The Indianapolis Colts’ Lucas Oil Stadium will host the meet in two years, marking a record-extending seventh time that the city will host an Olympic swimming trials. It first hosted the men’s trials in 1924, when the Olympics were in Paris, as they will be in 2024.

The Indianapolis Star first reported the trials venue.

Indianapolis hosted trials again in 1952 (women), 1984, 1992, 1996 and 2000, when a 15-year-old Michael Phelps made his first Olympic team.

This will be the first time that a major professional sports team venue will hold the meet. The Indiana University Natatorium held trials the last four times they were in Indianapolis.

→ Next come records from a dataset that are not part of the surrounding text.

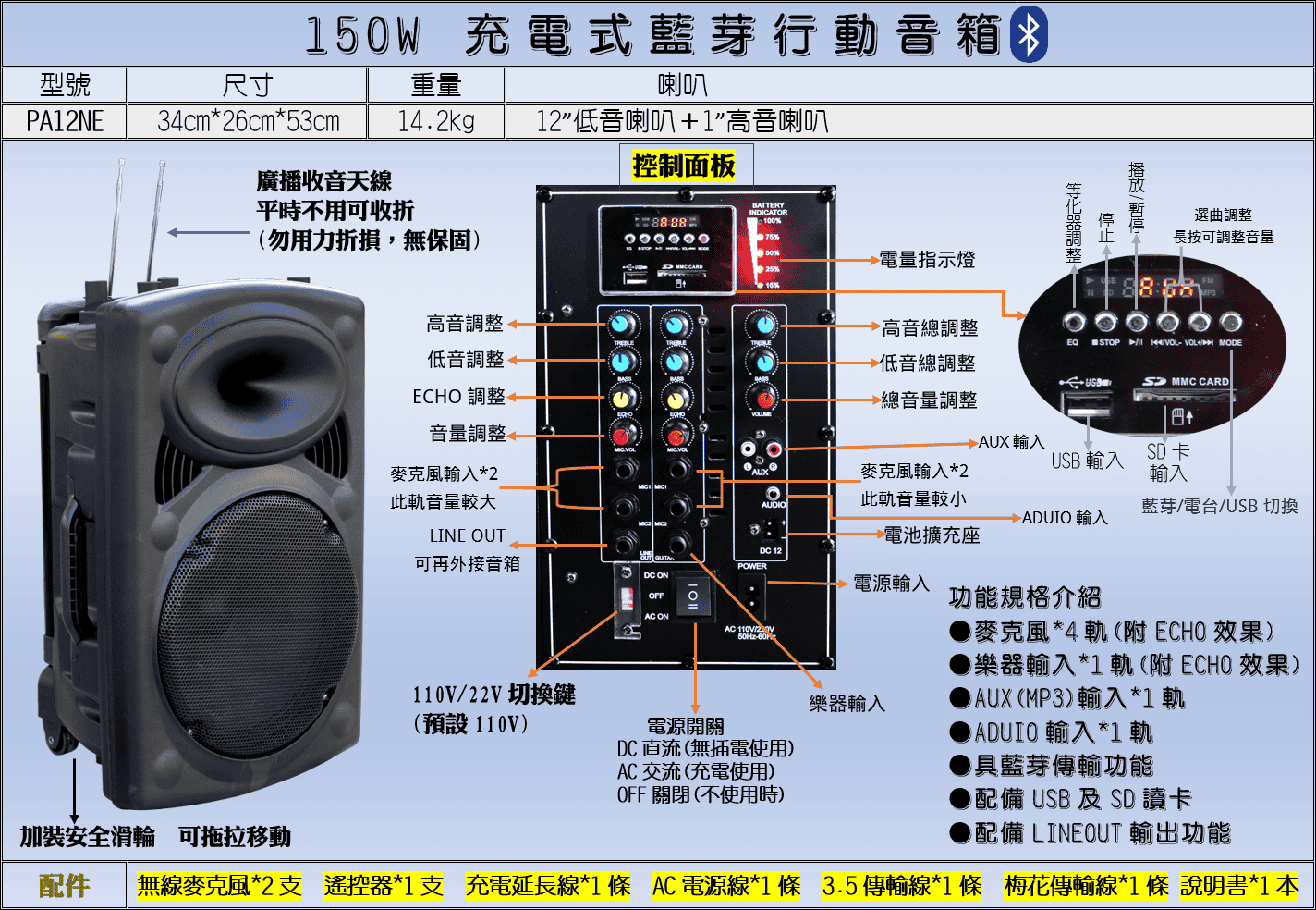 喇叭規格 : 12 "低音喇叭 + 1"高音喇叭
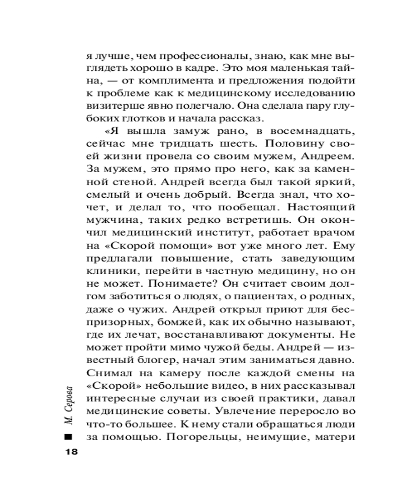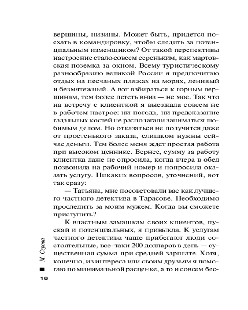 | Марина Сергеевна Серова — один из ведущих авторов серии современного русского детективного жанра (существует версия, что это коллектив авторов под общим руководством литературного агента Сергея Потапова). Согласно легенде, «выпускница юридического факультета МГУ, работала в Генеральной прокуратуре, сотрудница одной из спецслужб, участвовала в боевых операциях». Между тем написала 425 произведений размером порядка 200 страниц (и число их постоянно увеличивается). Часть произведений... |
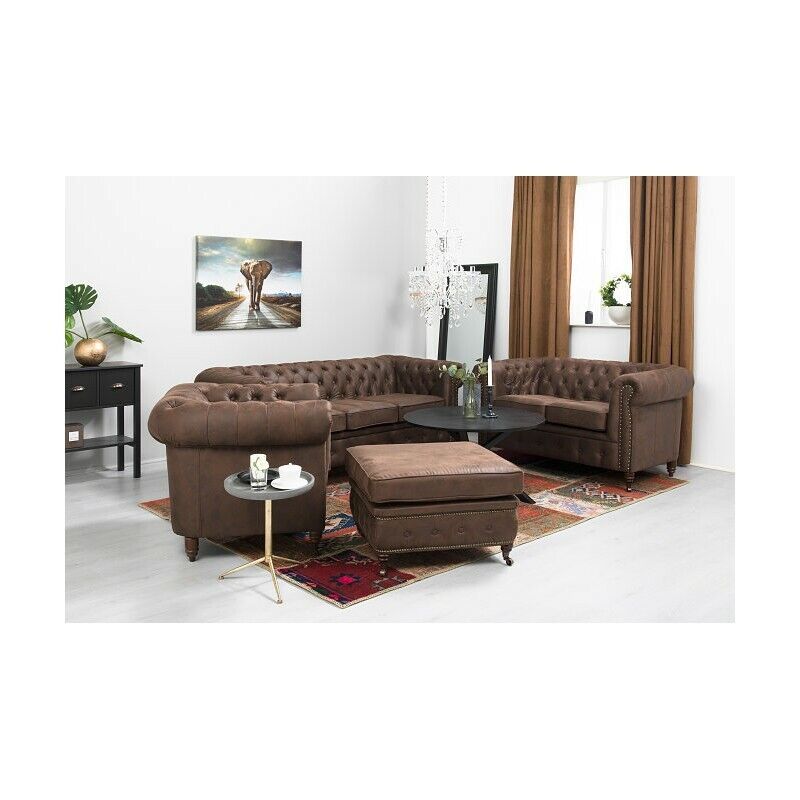 Chesterfield conjunto de sofás 3+2+1 plazas + taburete sofá de cuero tela sofás.

After trials were held outside in a Long Beach, California, parking lot in 2004, it became an arena show in Omaha starting in 2008 at a venue with about 14,500 seats.

Lucas Oil Stadium has a capacity of nearly 70,000 for football games. USA Swimming plans for 30,000 to 35,000 seats for trials, which would break the known record for most fans at an indoor Olympic swimming trials, according to the International Swimming Hall of Fame.

The 1932 women’s trials were held outdoors in Long Island, N.Y., with more than 40,000 fans, according to ISHOF records. The largest capacity for an Olympic swimming venue was 25,000 for the 1936 Berlin Games, according to the ISHOF, confirming the Indianapolis Star report.

Indianapolis was a finalist for trials as recently as 2016, while Omaha was selected for 2021 without a bid process. Omaha, Minneapolis and St. Louis were the other finalists for 2024.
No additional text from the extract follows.